140-142: Before briefing on the heat treatment of “sample precipitates”, you omitted the precipitation step (e.g., did you evaporate and acidify the solution before adding BaCl2 solution?). If this method is used, why was the method of Savarino et al (2001) and Geng et al (2013) developed specifically for smaller samples also used? If precipitates were heated at 450°C, how did you check organic matter by ion chromatography? Did you re-dissolve the precipitates? It is not mentioned in text. If the SO4 is separated and purified by IC, why is the heating solid precipitates necessary?
Section 2.4.1: Please add the relevance of black carbon data to the SO4 story in TP. It is not obvious to me.
Line 247-261: There is a distinct possibility that the CaSO4 (i.e., terrigenous sulfate has a positive Δ17O value) because a large portion of the sulfate in the arid surface salts could come from atmospheric deposition. Ignoring this possibility would increase the estimated Δ17O of SAS, although quantitatively it is not a big deal (i.e., ~6%).
341-352: Do you really need this simple estimation of minimum and maximum O3 path fraction involved in SAS formation? I am afraid that such a discussion does not add to the story. I thought you have already run modeling that incorporates meteorological data and atmospheric chemistry (isotope-enabled) and transport, i.e., GEOS-CHEM. The model should give you more accurate prediction of the respective fractions of O3 pathway during pre-monsoon and monsoon reasons. The simple minimum and maximum estimations ignore other pathways such as Mn-Fe catalyzed cloud-water O2 oxidation and mineral-surface heterogenous oxidation.
359: Please change “SR” to “solar radiation” because you only used the abbreviation twice (another in line 216) in the entire paper.
360: Change “hypothesize” to “explain”.
363: Change “hypothesis” to “explanation”.
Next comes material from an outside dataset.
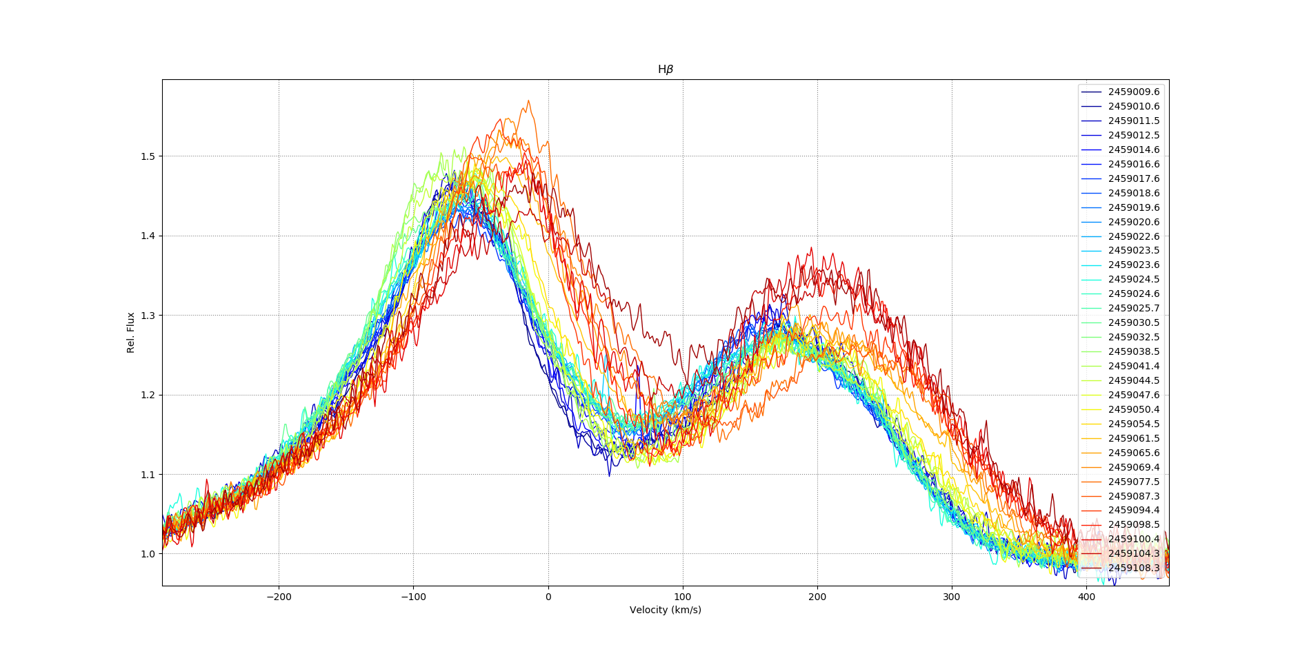 Just out of curiosity, have you measured the Halpha peak separation to see how that changes over the orbit? Some other similar systems I'm aware of have the peak separation follow a sinusoid at half the orbital period due to the density structure of the disk. At some point this will be done with the NRES spectra, which I think will be a useful quantity for Amanda's models of the disk, but so far I haven't done any sort of quantitative measurements.

375-381: Now, my understanding here is that the GEOS-CHEM atmospheric chemistry-transport model (isotopically enabled) could not offer a prediction on the SAS Δ17O value for the pre-monsoon and monsoon reasons. Correct? If true, what’s the point of doing the modeling?
398-406: There could be no major problem with an acidic cloud-water in these cited models. The problem could be the poor parametrization of heterogeneous oxidation of SO2 or aqueous S(IV) on dust surface.
Section 3.3.4.: Your explanation of the higher Δ17O during monsoon season is due to the enhanced moisture on alkaline dust surface which increases the overall fraction of the S(IV) + O3 reaction pathway than during the pre-monsoon when the air is relatively drier. If so, it is worth of another repeat here. Please also link and explain the opposite trends in the Δ17O between NO3- and SO4 in this framework (it can be explained).
Importantly, if none of these surface heterogeneous reaction, nature and flux of dust particles, or the enhancing effect of moisture was incorporated in the GEOS-CHEM model, I wonder why you need to do the GEOS-CHEM modeling at all. On the other hand, if the model can do the job in explaining the observed Δ17O data, why would you need to single out some of the factors and do the simple minimum/maximum estimates and interpretation? That is something that confuses me.
Summary: I think the Δ17O-SO4 data are solid, unique, interesting, and can be explained by known reaction mechanisms. With proper cleaning-up and reorganization of the flow of the manuscript, the data may reveal important unknown parameters we need to calibrate and therefore quantitatively improve the isotope prediction of the GEOS-CHEM model.